* [WHAT THIS TASK INVOLVES]: Restate word for word the lines of the entries below, starting with the line that holds "[ 구약- 13] 창" and ending with the line that holds "Note: Sprinto monitors", and no others.

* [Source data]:

Content starts

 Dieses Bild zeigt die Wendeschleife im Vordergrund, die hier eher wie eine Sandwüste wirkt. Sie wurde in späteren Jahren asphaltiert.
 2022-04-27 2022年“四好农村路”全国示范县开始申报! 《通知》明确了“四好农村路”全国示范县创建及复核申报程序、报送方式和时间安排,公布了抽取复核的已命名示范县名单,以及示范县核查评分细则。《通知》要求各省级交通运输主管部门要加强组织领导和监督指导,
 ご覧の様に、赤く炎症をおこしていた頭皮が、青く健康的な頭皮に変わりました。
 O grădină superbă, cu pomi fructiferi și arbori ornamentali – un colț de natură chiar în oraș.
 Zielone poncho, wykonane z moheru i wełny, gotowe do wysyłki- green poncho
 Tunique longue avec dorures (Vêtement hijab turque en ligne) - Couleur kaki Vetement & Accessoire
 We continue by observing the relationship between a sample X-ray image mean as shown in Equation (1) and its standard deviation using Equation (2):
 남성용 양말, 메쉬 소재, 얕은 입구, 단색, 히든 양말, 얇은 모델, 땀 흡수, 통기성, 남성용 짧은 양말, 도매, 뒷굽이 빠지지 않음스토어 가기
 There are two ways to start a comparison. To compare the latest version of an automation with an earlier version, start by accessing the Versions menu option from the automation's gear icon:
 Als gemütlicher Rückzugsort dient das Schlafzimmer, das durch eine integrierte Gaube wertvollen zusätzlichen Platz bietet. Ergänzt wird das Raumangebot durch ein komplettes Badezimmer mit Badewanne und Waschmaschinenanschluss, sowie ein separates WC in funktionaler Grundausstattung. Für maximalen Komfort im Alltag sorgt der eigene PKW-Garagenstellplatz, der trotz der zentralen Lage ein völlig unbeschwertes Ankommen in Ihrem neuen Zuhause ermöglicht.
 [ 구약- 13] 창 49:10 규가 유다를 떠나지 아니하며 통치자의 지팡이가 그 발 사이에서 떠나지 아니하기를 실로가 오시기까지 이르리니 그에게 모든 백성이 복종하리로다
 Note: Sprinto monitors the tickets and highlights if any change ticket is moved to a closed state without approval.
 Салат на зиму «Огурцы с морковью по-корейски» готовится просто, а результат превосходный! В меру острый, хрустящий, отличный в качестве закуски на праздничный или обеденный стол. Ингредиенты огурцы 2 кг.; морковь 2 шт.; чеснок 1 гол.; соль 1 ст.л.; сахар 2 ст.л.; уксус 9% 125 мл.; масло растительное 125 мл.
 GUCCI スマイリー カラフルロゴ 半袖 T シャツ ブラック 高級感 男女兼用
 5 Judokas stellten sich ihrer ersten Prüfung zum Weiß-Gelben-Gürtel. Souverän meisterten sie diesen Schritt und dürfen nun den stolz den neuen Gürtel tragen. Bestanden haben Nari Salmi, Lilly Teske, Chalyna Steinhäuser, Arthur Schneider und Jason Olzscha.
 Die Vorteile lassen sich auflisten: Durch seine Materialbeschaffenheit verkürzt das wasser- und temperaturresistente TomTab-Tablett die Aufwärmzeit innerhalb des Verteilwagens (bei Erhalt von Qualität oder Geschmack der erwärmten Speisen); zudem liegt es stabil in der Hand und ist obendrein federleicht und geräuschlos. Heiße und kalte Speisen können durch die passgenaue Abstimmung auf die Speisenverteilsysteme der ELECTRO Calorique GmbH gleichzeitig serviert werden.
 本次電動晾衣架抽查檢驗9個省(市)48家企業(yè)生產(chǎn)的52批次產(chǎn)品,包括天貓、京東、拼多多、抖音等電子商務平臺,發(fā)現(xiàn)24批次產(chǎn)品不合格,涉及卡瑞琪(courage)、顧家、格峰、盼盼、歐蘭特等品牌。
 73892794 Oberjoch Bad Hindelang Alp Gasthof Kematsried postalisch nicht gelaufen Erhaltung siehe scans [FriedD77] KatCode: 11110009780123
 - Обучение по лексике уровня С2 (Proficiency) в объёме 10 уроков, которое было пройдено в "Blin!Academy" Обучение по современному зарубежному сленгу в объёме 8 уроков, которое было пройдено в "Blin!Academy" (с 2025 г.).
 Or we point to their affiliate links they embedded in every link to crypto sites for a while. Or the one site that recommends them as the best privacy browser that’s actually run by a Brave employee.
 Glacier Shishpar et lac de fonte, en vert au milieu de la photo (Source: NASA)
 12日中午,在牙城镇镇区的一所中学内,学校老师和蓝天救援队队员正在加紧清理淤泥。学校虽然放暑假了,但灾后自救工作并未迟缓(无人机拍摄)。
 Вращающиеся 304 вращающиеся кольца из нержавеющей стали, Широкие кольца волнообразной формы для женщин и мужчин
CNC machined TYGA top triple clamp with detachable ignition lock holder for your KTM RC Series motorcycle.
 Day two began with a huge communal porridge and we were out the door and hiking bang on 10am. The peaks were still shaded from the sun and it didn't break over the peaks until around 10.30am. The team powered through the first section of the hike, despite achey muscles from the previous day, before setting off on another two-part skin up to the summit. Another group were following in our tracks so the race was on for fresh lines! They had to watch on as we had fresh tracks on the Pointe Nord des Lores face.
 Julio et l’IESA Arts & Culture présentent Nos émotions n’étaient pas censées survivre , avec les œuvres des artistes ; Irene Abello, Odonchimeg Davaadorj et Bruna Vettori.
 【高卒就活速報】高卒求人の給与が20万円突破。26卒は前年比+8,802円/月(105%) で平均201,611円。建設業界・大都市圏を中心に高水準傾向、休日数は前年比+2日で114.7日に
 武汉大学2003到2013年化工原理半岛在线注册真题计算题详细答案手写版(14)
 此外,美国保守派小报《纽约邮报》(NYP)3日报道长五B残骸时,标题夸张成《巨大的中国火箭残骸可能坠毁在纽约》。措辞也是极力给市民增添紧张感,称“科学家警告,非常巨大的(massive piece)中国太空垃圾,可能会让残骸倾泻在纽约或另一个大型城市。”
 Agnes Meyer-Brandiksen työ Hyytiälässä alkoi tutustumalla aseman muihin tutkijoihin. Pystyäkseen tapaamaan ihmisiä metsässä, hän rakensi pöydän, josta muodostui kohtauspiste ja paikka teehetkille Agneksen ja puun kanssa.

Content ends

* [RESULT OF THE TASK]:
 [ 구약- 13] 창 49:10 규가 유다를 떠나지 아니하며 통치자의 지팡이가 그 발 사이에서 떠나지 아니하기를 실로가 오시기까지 이르리니 그에게 모든 백성이 복종하리로다
 Note: Sprinto monitors the tickets and highlights if any change ticket is moved to a closed state without approval.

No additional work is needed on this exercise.